On 10/13/03 17:24, "Aleksandr Shneyderman" <[EMAIL PROTECTED]> wrote:

> 
> ResourceLink is the Tomcat's way of doing JNDI, so
> if you port your app on some other server, the deployer
> will not even know what is wrong if you do not have
> that entry in your web.xml, because this is the only thing
> that gets to be moved around (server.xml is not)
> 
> Looks a bit redundant but it is there for protability.
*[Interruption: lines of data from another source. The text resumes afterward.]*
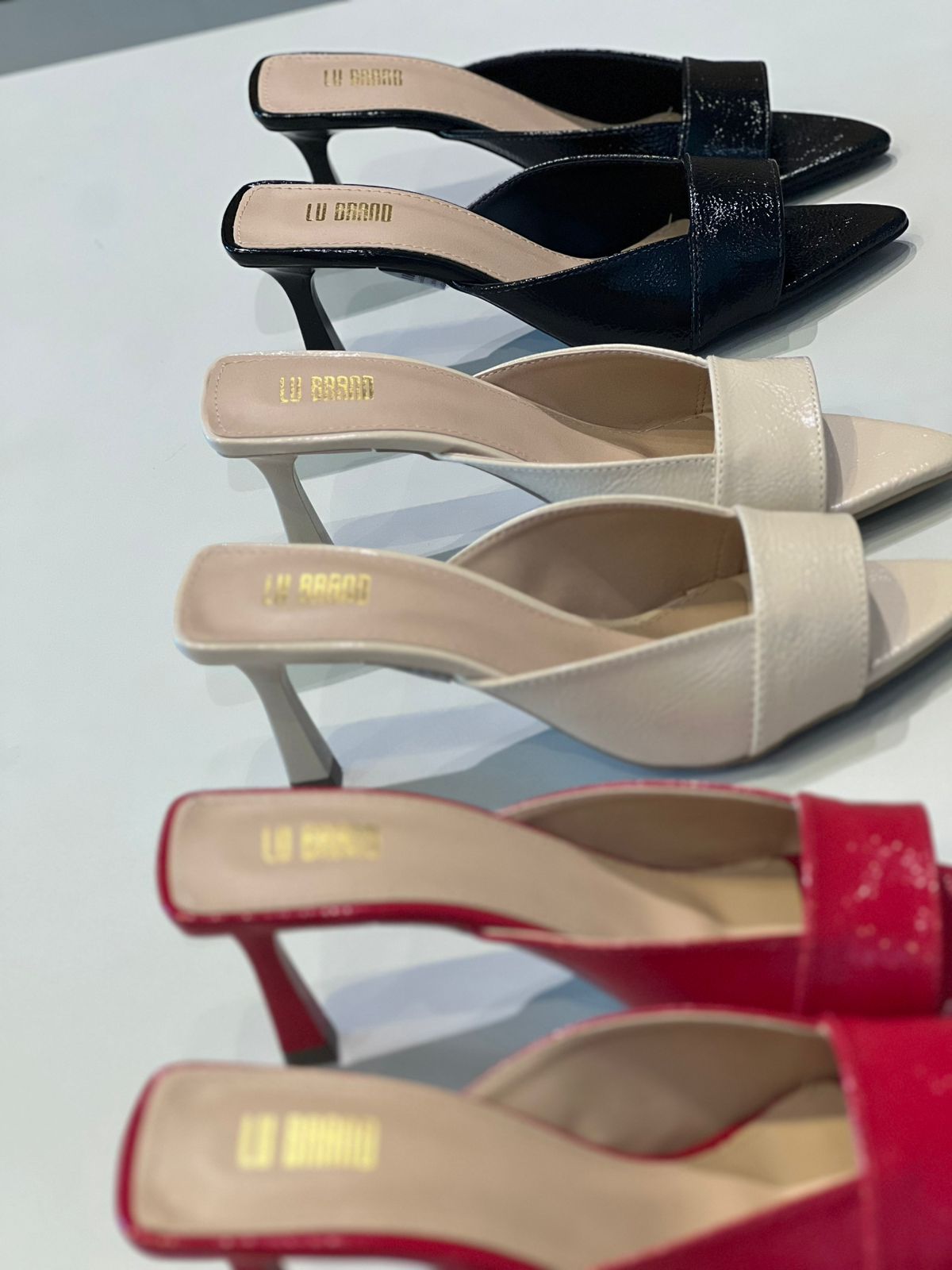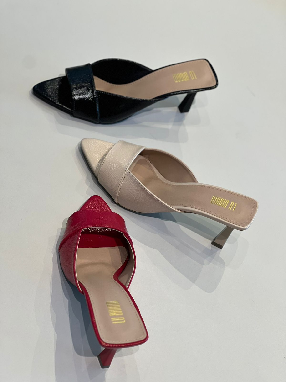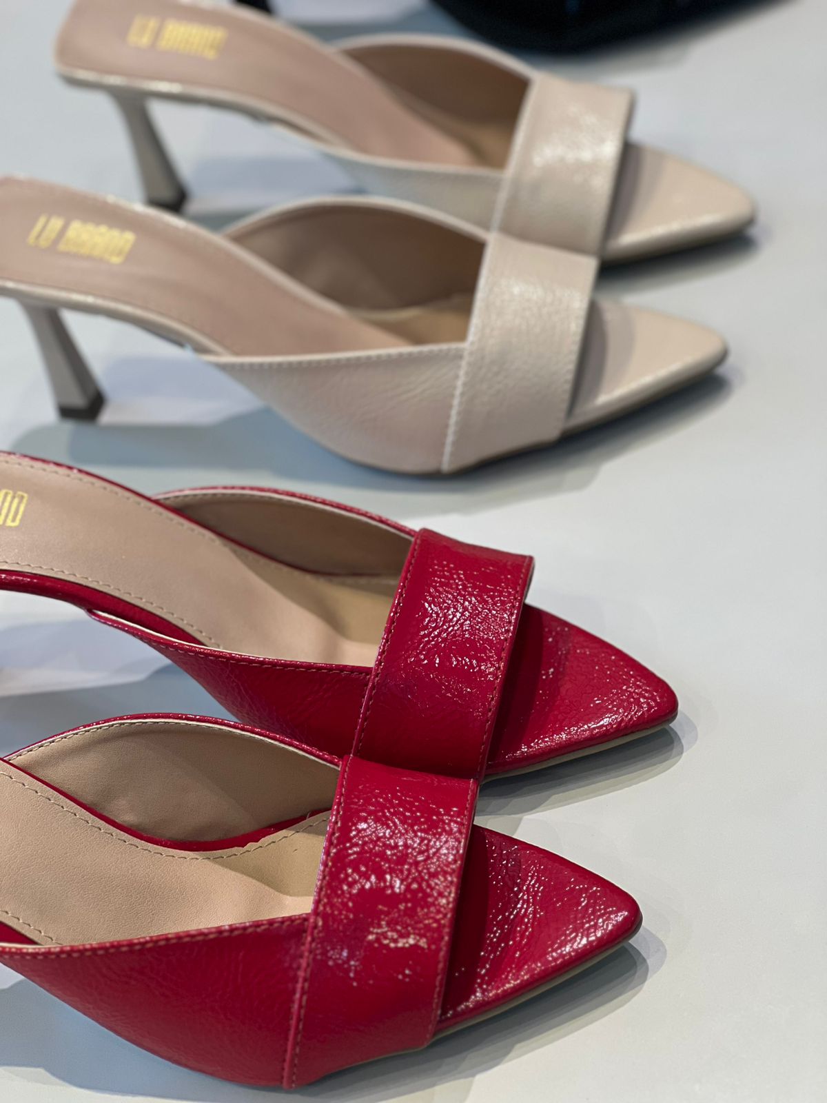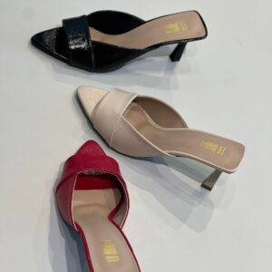 Mule de salto médio com bico fino. O material com acabamento envernizado, proporcionando um brilho sutil. A tira frontal larga cobre parte do peito do pé, garantindo firmeza e conforto. O salto é fino e levemente inclinado, trazendo elegância ao design. O interior do sapato tem acabamento em tom bege, com o nome da marca gravado em dourado na palmilha. Esse estilo é ideal para composições sofisticadas e modernas, combinando bem com diversas ocasiões.
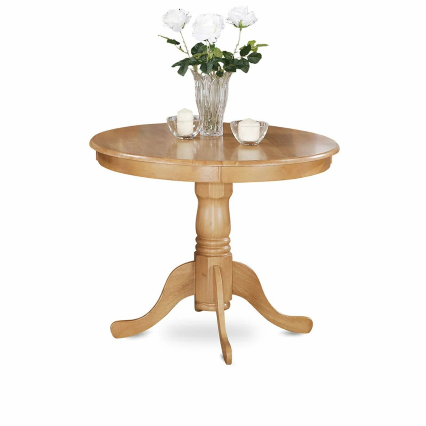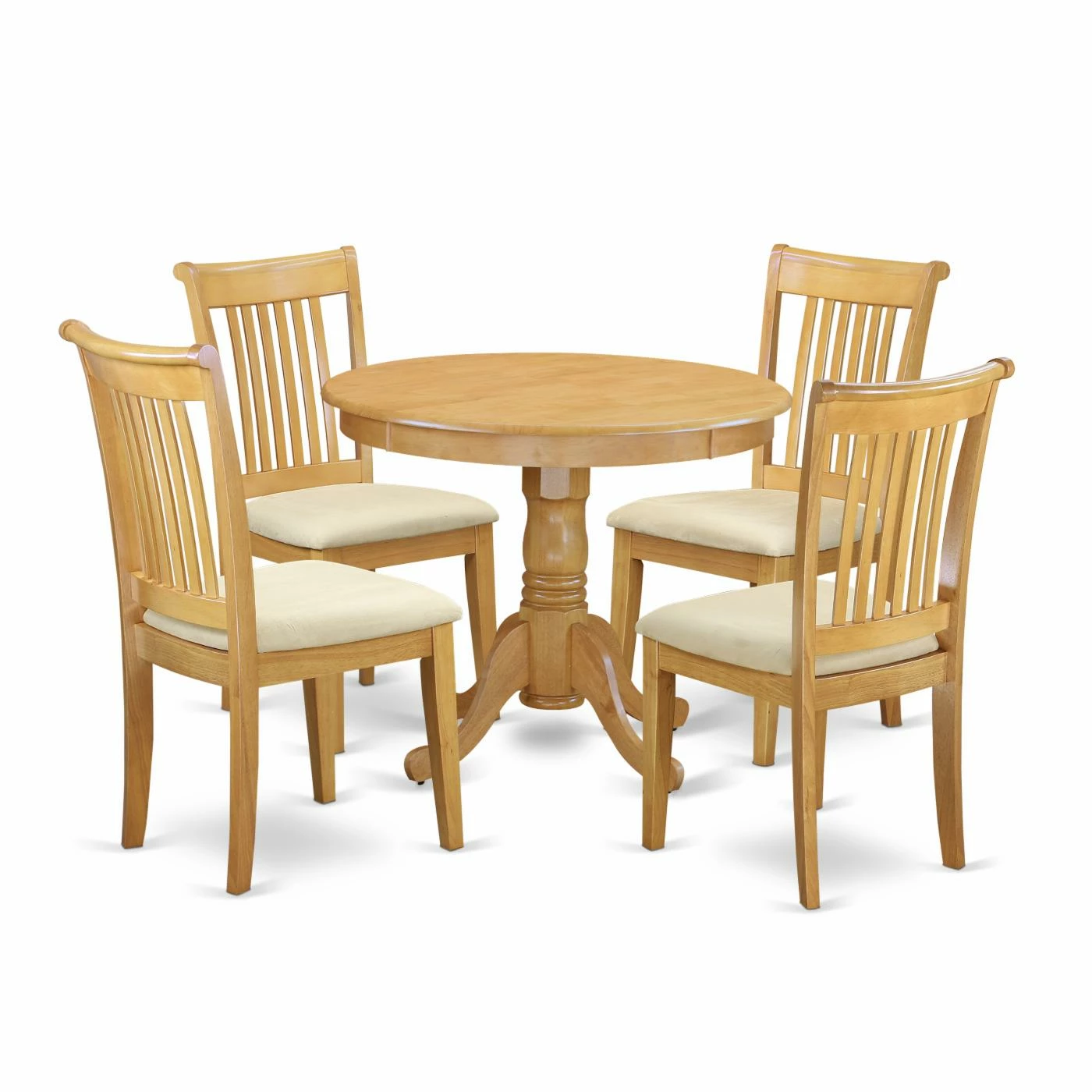 A simplified, compact take on timeless dining furnishings, the East West Furniture Antique ANPO5 Five Piece Round Pedestal Dining Set is perfect for small transitional eat-in kitchens, dining rooms, and breakfast nooks. The set contains a round table with a regal pedestal base and four chairs with slat, rolled backs. Every piece is durably crafted out of solid wood and flaunts a light natural oak finish. You can choose the seat type that you prefer from the available options.
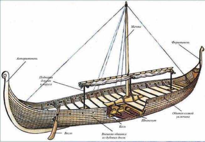 Согласно современным представлениям, их корабли не годились для дальних плаваний, однако именно на них викинги совершали путешествия на огромные расстояния не только в Средиземноморье, но даже к берегам Америки за 500 лет до Колумба. Длинные, узкие, с небольшой осадкой суда обычно приводились в движение веслами. Имелась и мачта с большим прямым парусом, который ставился при попутном ветре. Сначала корабли имели не больше десяти весел по каждому борту и команду из 60 человек, сменявших друг друга у весел (позже, на более крупных судах, использовалось 60 гребцов одновременно). В отличие от галер Средиземноморья ладьи викингов несли только свободных людей, каждый из которых являлся отличным, закаленным воином. На бортах корабля висели круглые щиты с эмблемами или гербами их владельцев. Оружием служили дротики, копья, стрелы и мечи, а доспехи состояли из короткой кольчуги.
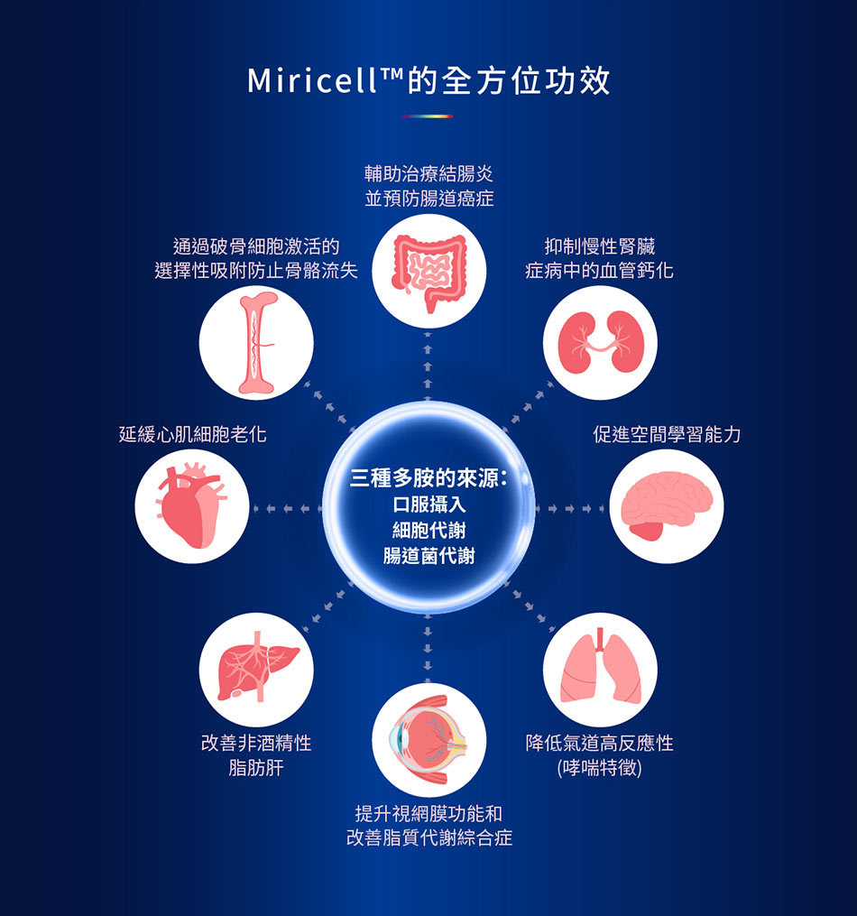 Miricell™主要作用是保護細胞,達致抗氧化、抗衰老的健康目的。同時,它亦證明有助於維持適當的端粒長度,減慢其縮短速度。
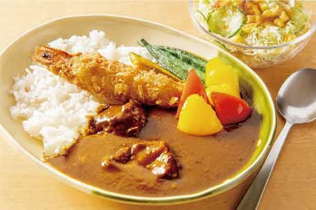 当店自慢のあしきた牛カレーに有頭海老フライと夏野菜を添えました。ボリューム満点。

> I do not see any other reasons for it being there otherwise.
> 
> Alex.
> 
>> -----Original Message-----
>> From: Sasha Borodin [mailto:[EMAIL PROTECTED]
>> Sent: Monday, October 13, 2003 5:15 PM
>> To: Tomcat Users List
>> Subject: Declaring resources - web.xml vs. server.xml
>> 
>> 
>> I've Googled and read the documentation without producing a definitive
>> answer to this question: exactly what IS the purpose of declaring
>> resources
>> in web.xml?
>> 
>> OK, I've got a GlobalNamingResource set up:
>> 
>>     <Resource auth="Container" name="jdbc/DataTrac" scope="Shareable"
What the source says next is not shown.